* [Dataset records]:
BEGIN
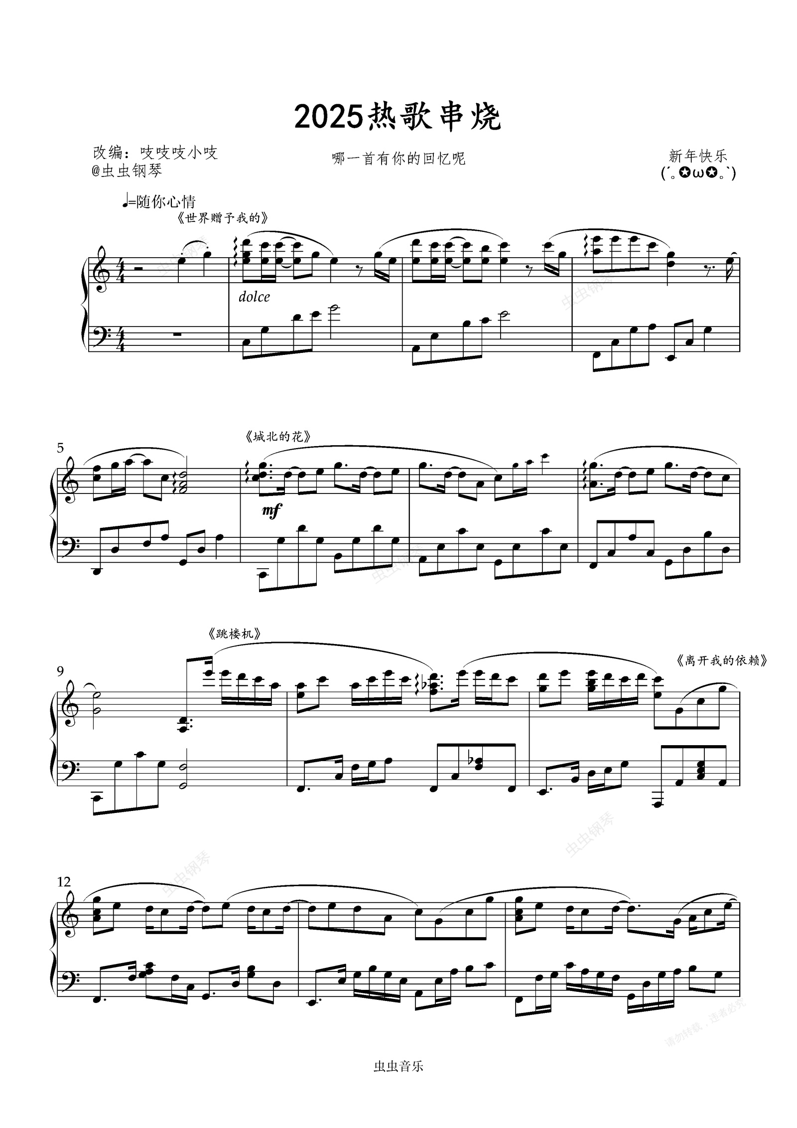 钢琴谱:2025热歌串烧 「全C调」 来领取2025年的音乐报告喔! 吱吱改编
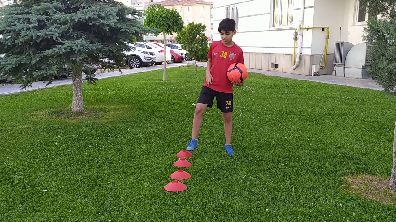 Evde veya bahçede aralıklı koyulmuş 4–5 koni (örnek olarak su şişesi) arasında top sürme.
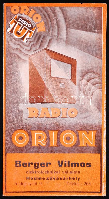 cca 1930 Radio-Orion - Berger Vilmos elektrotechnikai Vállalata, Hódme... https://www.darabanth.com/de/189-Fernauktion/189.0/Andere-Sammelgebiete/Werbungen~4000018/cca-1930-Radio-Orion--Berger-Vilmos-elektrotechnikai-Vallalata-Hodmezovasarhely-Kihajthato-~II709574
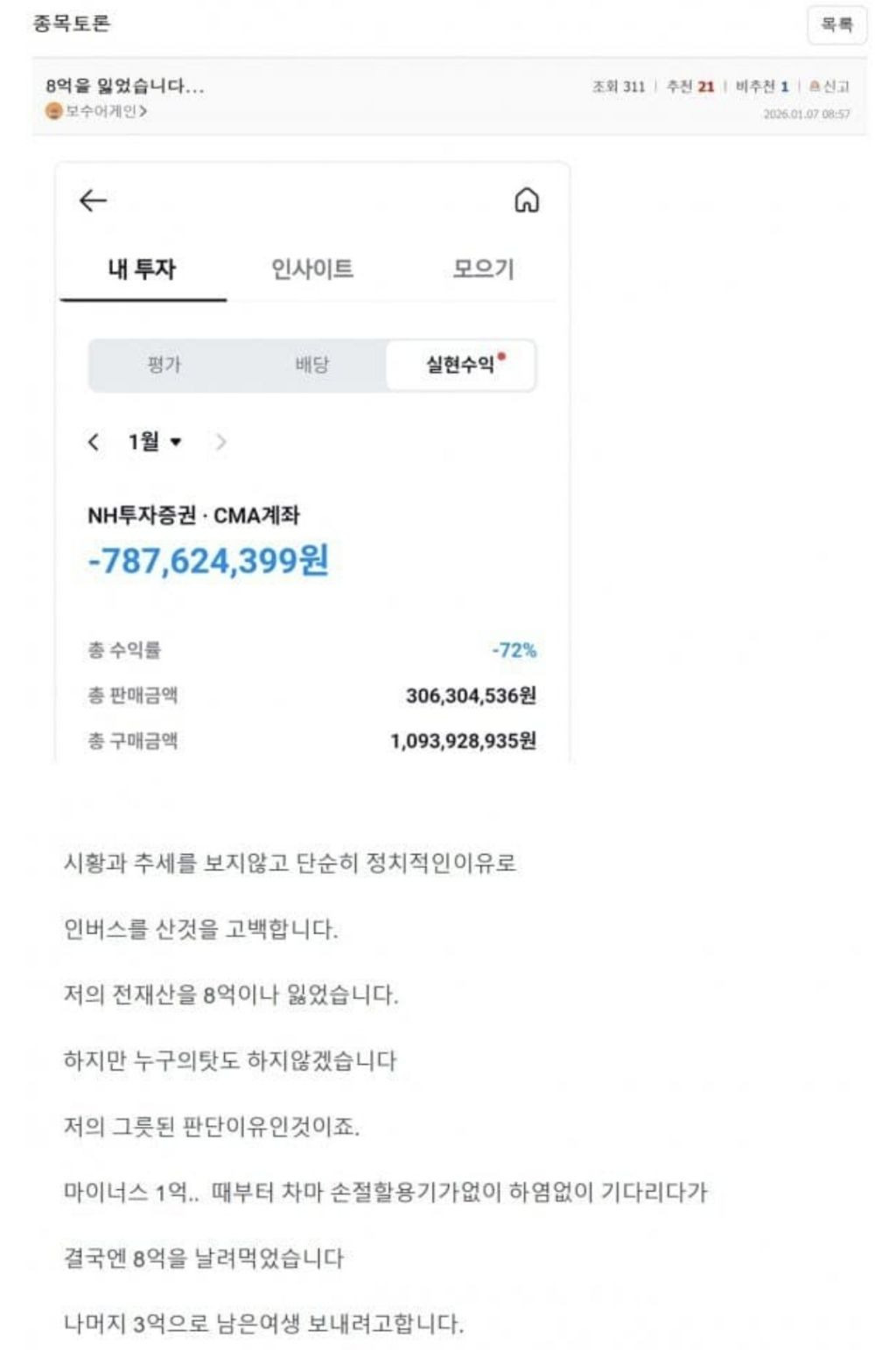 작성자인유특전대 작성시간 26.01.08 남은 3억은 과연 가만 놔둘까?
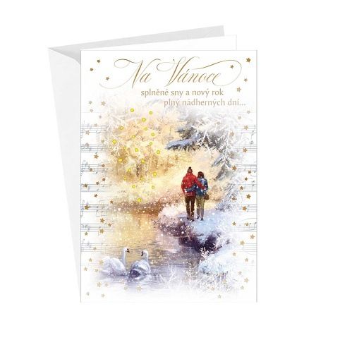 Vánoční pozdrav s textem uvnitř přání. Po otevření zahraje píseň "Karel Gott: Bílé Vánoce" a LED světlo rozsvítí "padající sníh". Součástí vánočního pozdravu je barevně sladěná obálka. Originální technologie zpracování od společnosti ARGUS - "Na detailu záleží!"
END
* [What needs to be done]: Retype all the entries word for word; the pictures stay out.

* [Output]:
 钢琴谱:2025热歌串烧 「全C调」 来领取2025年的音乐报告喔! 吱吱改编
 Evde veya bahçede aralıklı koyulmuş 4–5 koni (örnek olarak su şişesi) arasında top sürme.
 cca 1930 Radio-Orion - Berger Vilmos elektrotechnikai Vállalata, Hódme... https://www.darabanth.com/de/189-Fernauktion/189.0/Andere-Sammelgebiete/Werbungen~4000018/cca-1930-Radio-Orion--Berger-Vilmos-elektrotechnikai-Vallalata-Hodmezovasarhely-Kihajthato-~II709574
 작성자인유특전대 작성시간 26.01.08 남은 3억은 과연 가만 놔둘까?
 Vánoční pozdrav s textem uvnitř přání. Po otevření zahraje píseň "Karel Gott: Bílé Vánoce" a LED světlo rozsvítí "padající sníh". Součástí vánočního pozdravu je barevně sladěná obálka. Originální technologie zpracování od společnosti ARGUS - "Na detailu záleží!"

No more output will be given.